> _Directions for this task_
The required output is the exact run of lines in the listing below from the line holding "強力なネオジム磁石の棒と金属球を使い、大きな立体を組み立てていく映像。" through the line holding "Amazon 山久 造花", with no pictures.

> _Source data_
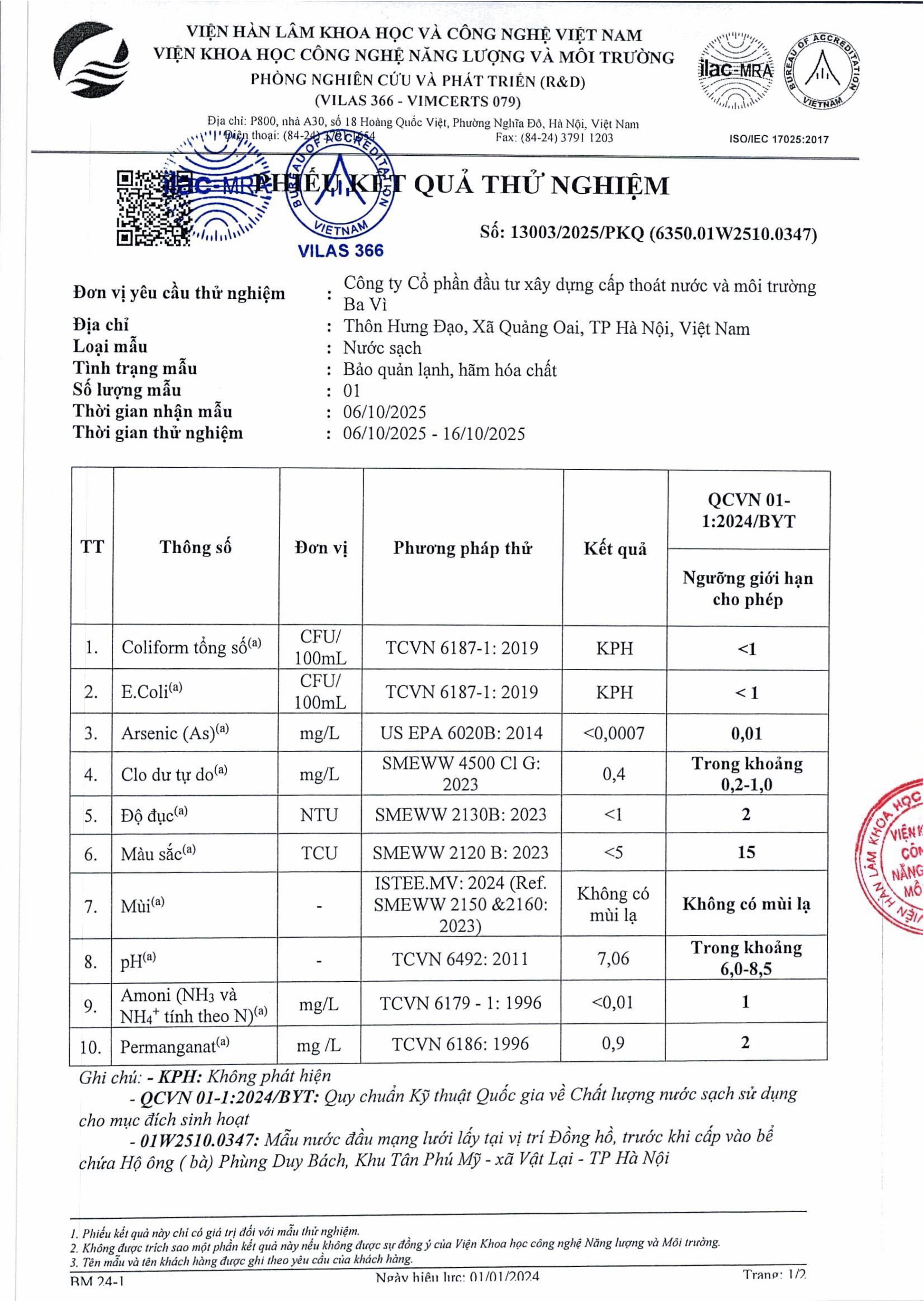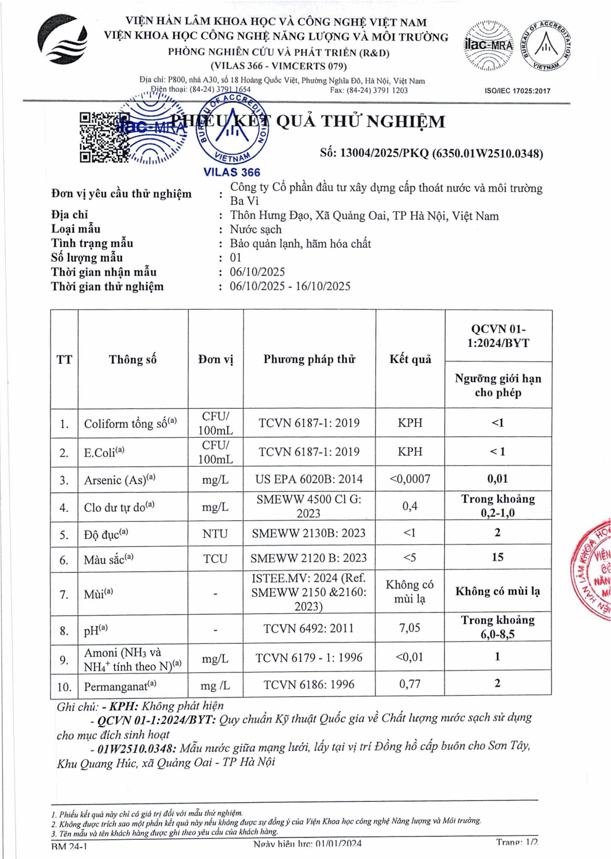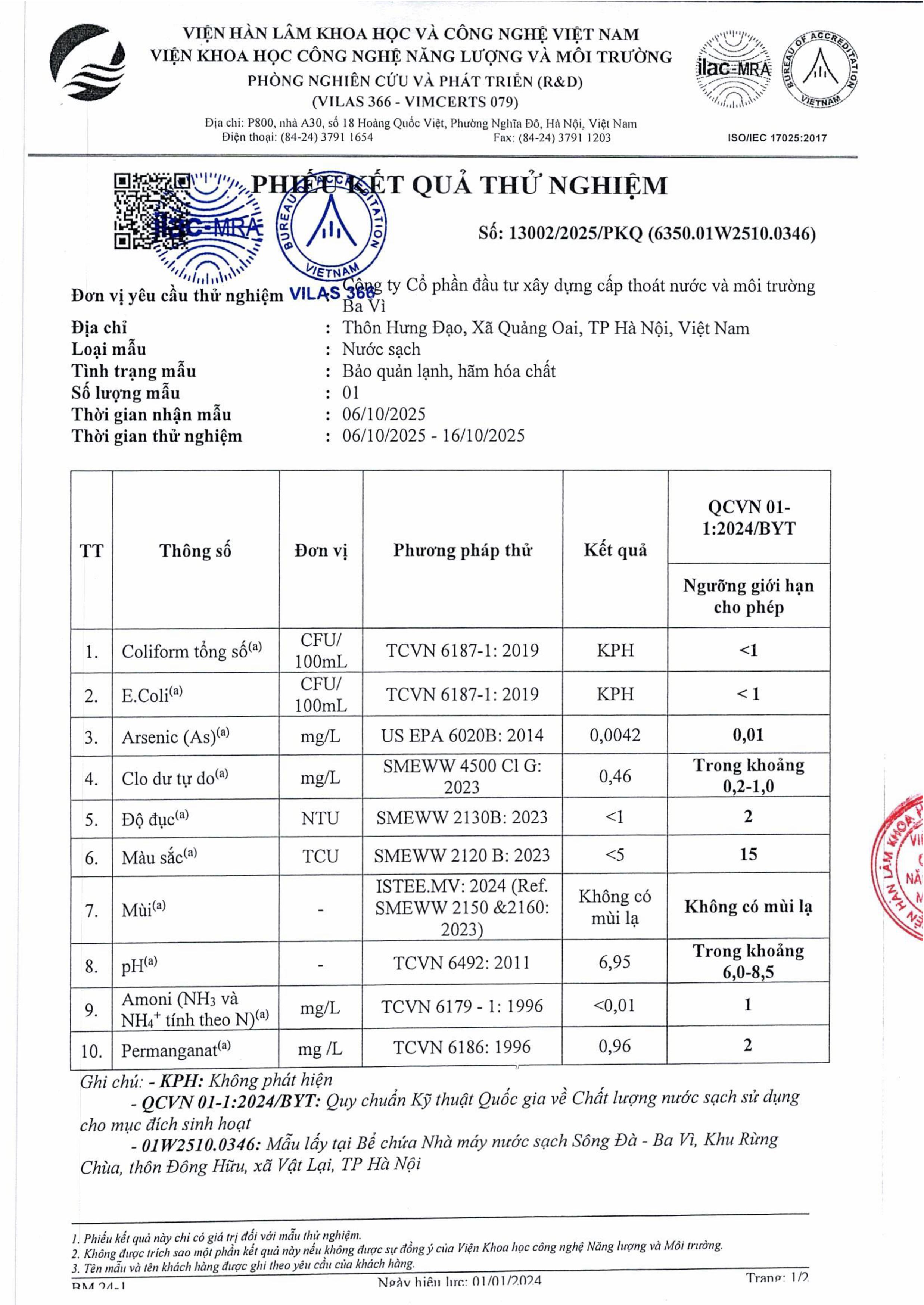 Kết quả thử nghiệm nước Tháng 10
---
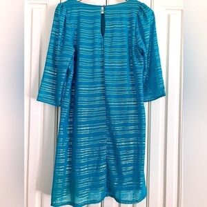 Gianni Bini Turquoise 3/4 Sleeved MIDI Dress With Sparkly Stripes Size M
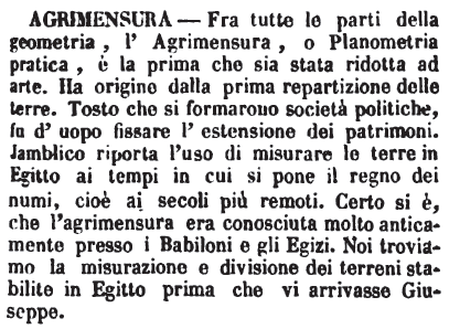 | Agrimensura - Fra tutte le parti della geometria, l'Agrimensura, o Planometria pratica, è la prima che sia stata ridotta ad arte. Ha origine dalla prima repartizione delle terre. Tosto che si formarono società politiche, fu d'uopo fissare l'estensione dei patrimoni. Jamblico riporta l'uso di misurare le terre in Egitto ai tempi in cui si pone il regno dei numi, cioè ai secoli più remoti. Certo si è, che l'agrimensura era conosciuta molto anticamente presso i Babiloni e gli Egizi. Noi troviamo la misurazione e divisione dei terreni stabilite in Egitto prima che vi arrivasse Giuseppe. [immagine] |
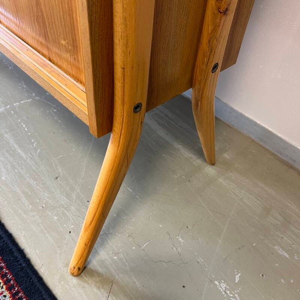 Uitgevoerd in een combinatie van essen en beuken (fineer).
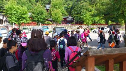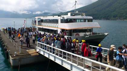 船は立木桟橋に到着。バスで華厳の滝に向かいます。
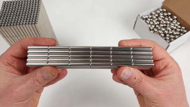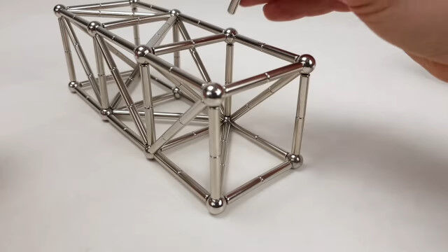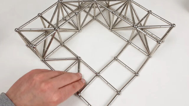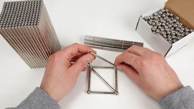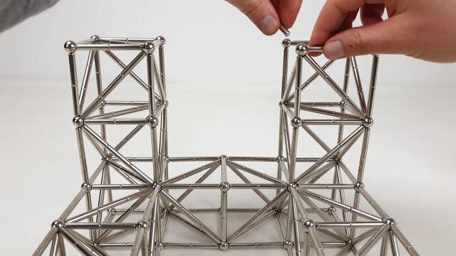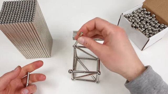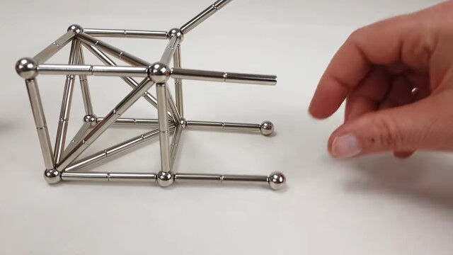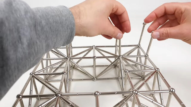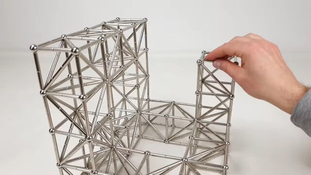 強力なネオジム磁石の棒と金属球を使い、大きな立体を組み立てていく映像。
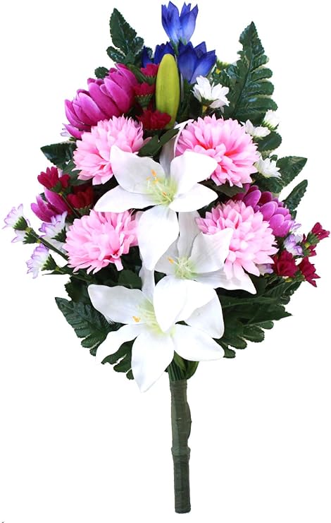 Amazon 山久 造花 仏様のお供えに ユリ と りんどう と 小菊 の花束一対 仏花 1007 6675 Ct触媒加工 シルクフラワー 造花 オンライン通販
==
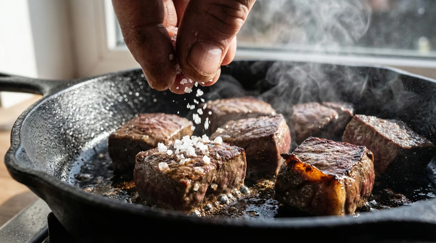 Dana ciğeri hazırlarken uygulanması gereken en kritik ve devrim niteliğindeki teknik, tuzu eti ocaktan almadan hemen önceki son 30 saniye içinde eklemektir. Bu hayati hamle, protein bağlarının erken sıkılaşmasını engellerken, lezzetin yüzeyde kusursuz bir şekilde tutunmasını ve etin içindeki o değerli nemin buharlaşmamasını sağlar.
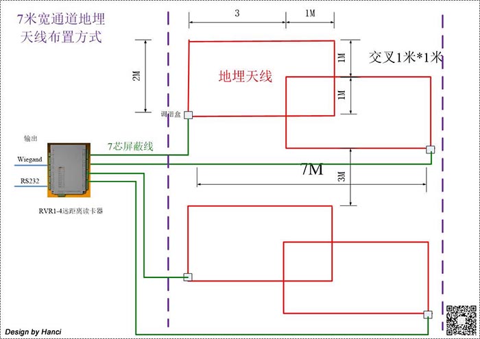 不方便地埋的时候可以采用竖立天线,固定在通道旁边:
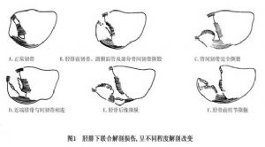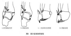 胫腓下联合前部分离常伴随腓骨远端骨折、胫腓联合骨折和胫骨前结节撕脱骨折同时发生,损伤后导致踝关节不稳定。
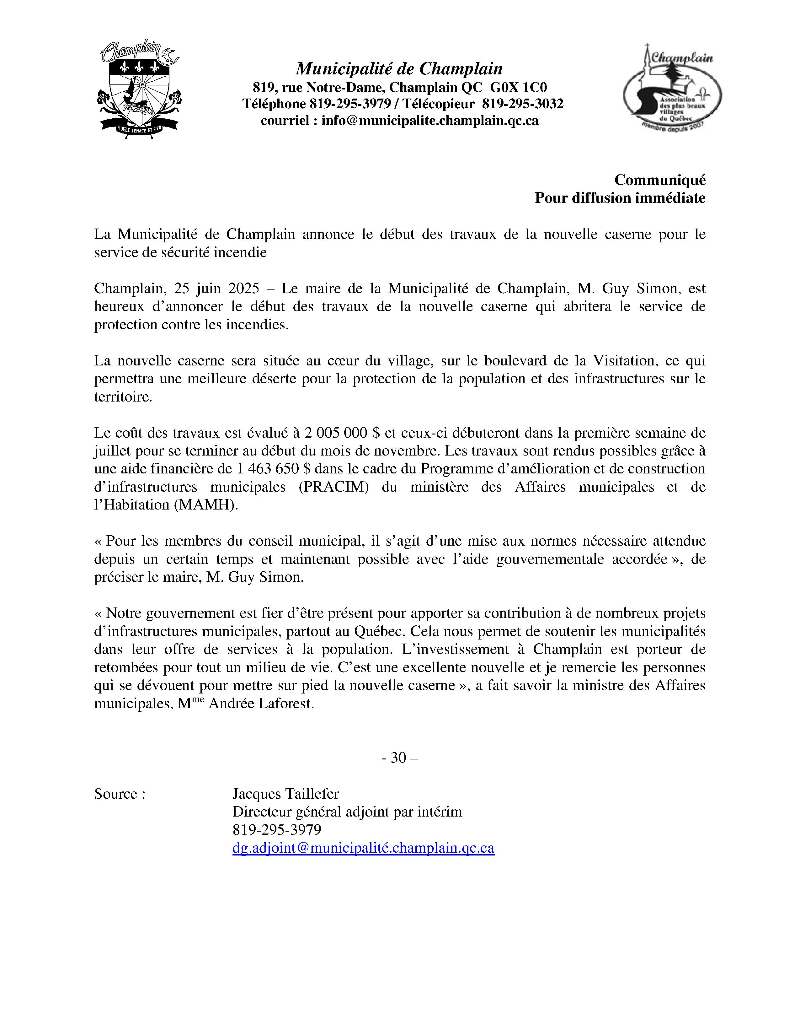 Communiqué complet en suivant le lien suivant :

> _Solution for this exercise_
 強力なネオジム磁石の棒と金属球を使い、大きな立体を組み立てていく映像。
 Amazon 山久 造花 仏様のお供えに ユリ と りんどう と 小菊 の花束一対 仏花 1007 6675 Ct触媒加工 シルクフラワー 造花 オンライン通販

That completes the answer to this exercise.